Glucose 6 phosphate dehydrogenase
Describe the oxygen affinity curve of myoglobin versus hemoglobin. (picture question)
myoglobin= hyperbola hemoglobin= sigmoid
Where is folate absorbed?
a. Terminal ilium
b. Duodenum
c. Juejenum
d. Large intestine
e. Stomach
c. Juejenum
What will be highly excreted in a patient with ATP:cobalamine adenosyl transferase deficiency?
a. Melanoic acid
b. Hemocysteine
c. Methylmelanolic acid
c. Methylmelanolic acid
In patient with pancreatic insufficiency, which molecule will interfere with cobalamine absorption?
Haptocorrin
In which case is hepcidin inhibited?
Increased erythropoiesis
What do type 2 hypersensitivity reactions target?
Membrane bound antibiotic
the drug is adsorbed into plasma membrane
What immunoglobulin causes hemolytic anemia in fetus?
IgG
Which is true about blood grouping?
a. People with blood group B have anti-B Ab
b. People with blood group A don’t express anti A Ab
c. AB are universal donors
b. People with blood group A don’t express anti A Ab
Anemia in Patient with gastric bypass due to morbid obesity + (picture of hypersegmented neutrophil). What is the cause?
B12 deficiency
Patient with macrocytic anemia. Tests show Positive anti-intrinsic factor .Positive antibodies against parietal cells. What is the patient most likely to suffer from?
a. MDS
b. Thalassemia major
c. Pernicious anemia
c. Pernicious anemia
Patient who is known to have long standing anemia and is transfusion dependent .She developed spleenomagaly & bronze discoloration .What does she likely suffer from?
a. MDS
b. Thalassemia major
c. Pernicious anemia
b. Thalassemia major
Increased creatinine level is a side effect of which drug?
Deferasirox
Which drug requires weekly CBC for risk of agranulocytosis& neutropenia?
Deferiprone
Patient who requires repeated blood transfusion is given deferoxamine, why?
To excrete Fe
Why do RBCs produce NADH?
a. To produce ATP
b. To reduce methemoglobin
c. To reduce lactate
b. To reduce methemoglobin
How is phosphatidyl serine kept on the inner surface?
By action of flippase
Patient with hereditary spherocytosis. What is the pathogenesis?

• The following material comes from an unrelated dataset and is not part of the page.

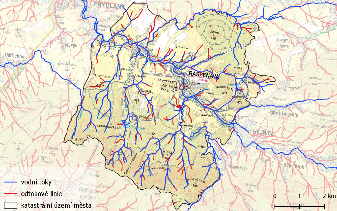 V rámci projektu "Strategie ochrany před negativními dopady povodní a erozními jevy přírodě blízkými opatřeními v České republice" byla vytvořena mapová kompozice odtokové poměry, z níž je čerpáno v následujícím grafickém výstupu. Jedná se o identifikaci odtokových linií (dráhy přímého povrchového odtoku) s přispívající plochou povodí > 5 ha. Tyto odtokové linie mohou dát za vznik soustředěnému povrchovému odtoku, který může způsobit škody na území města Raspenava. Odtokové linie nezohledňují aktuální využití pozemků ani jiné skutečnosti, které mají vliv na přerušení soustředěného povrchového odtoku.

cytoskeleton-protein interactions
Which is least likely associated with hereditary spherocytosis?
a. Spectrin
b. GLUT
c. Actin
d. Band 4.2
e. Band 4.2
f. Anion exchanger
g. Ankyrin
b. GLUT
not sure
In HbC disease, hemoglobin precipitates due to water loss. What is the cause of water loss?
a. Activation of K channels
b. Activation of Na channels
a. Activation of K channels
In HbS disease, why does it migrate slower in protein electrophoresis?
a. Less charge
b. Due to its sickle shape
a. Less charge
A woman developed anemia after eating 3 falafel sandwiches. CBC given .What is the pathogenesis of this condition?

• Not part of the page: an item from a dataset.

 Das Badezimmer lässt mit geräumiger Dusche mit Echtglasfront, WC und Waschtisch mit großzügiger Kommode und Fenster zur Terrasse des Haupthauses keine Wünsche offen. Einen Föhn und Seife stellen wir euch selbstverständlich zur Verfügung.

Oxidative damage to RBC membrane
A woman developed anemia after eating 3 falafel sandwiches. What test would you do to confirm your diagnoisis?
Measure G6PD level
Cancer patient on chemotherapy has developed petechial rash. Coagulation profile is normal. What must you give him?
Platelets
An elderly man developed a chest infection secondary to liver disease. What type of blood transfusion does he require?
Fresh frozen plasma
What is released to activate FXII in the intrinsic pathway?
a. Acidic Phospholipids
b. Tissue factor
a. Acidic Phospholipids (not 100% sure)
What mediates fibrinogen to fibrin?
Thrombin
What mediates formation of primary hemostatic plug
a. Platelets
b. Thromboxane
c. vWF
a. Platelets
what promotes aggregation of platelets? Or what attracts platelets to the site of clot?
Thromboxane & ADP
What is the role of vWF?
Binds & stabilizes F VIII
What requires vitamin K?
Gla proteins
What’s the role of bradykinin
Stimulates the release of t-PA from endothelial cells
What constitutes the pale region of thrombus?
a. Fibrin & platelets
b. Fibrin & RBC
a. Fibrin & platelets
What does thrombomodulin activates?
Protein C
Prolonged APTT that is not corrected by normal plasma. Whats the diagnosis?
Lupus anticoagulant
Which of the following supports that the cause of bleeding is due to platelets rather than coagulation problem?
a. Hemarthrosis
b. Immediate and profuse bleeding after tooth extraction
c. Mucocutanous bleeding
c. Mucocutanous bleeding
Patient with chest infection .Prolonged PT & APTT .High level of D dimer .Low level of platelets. What is the diagnosis?
DIC
Ahmad was treated with anticoagulant, but developed bleeding which was controlled by protamine sulphate. What anticoagulant was he given?
a. Heparin
b. Warfarin
a. Heparin
Why does streptokinase cause systemic fibrinolysis while t-PA doesn’t?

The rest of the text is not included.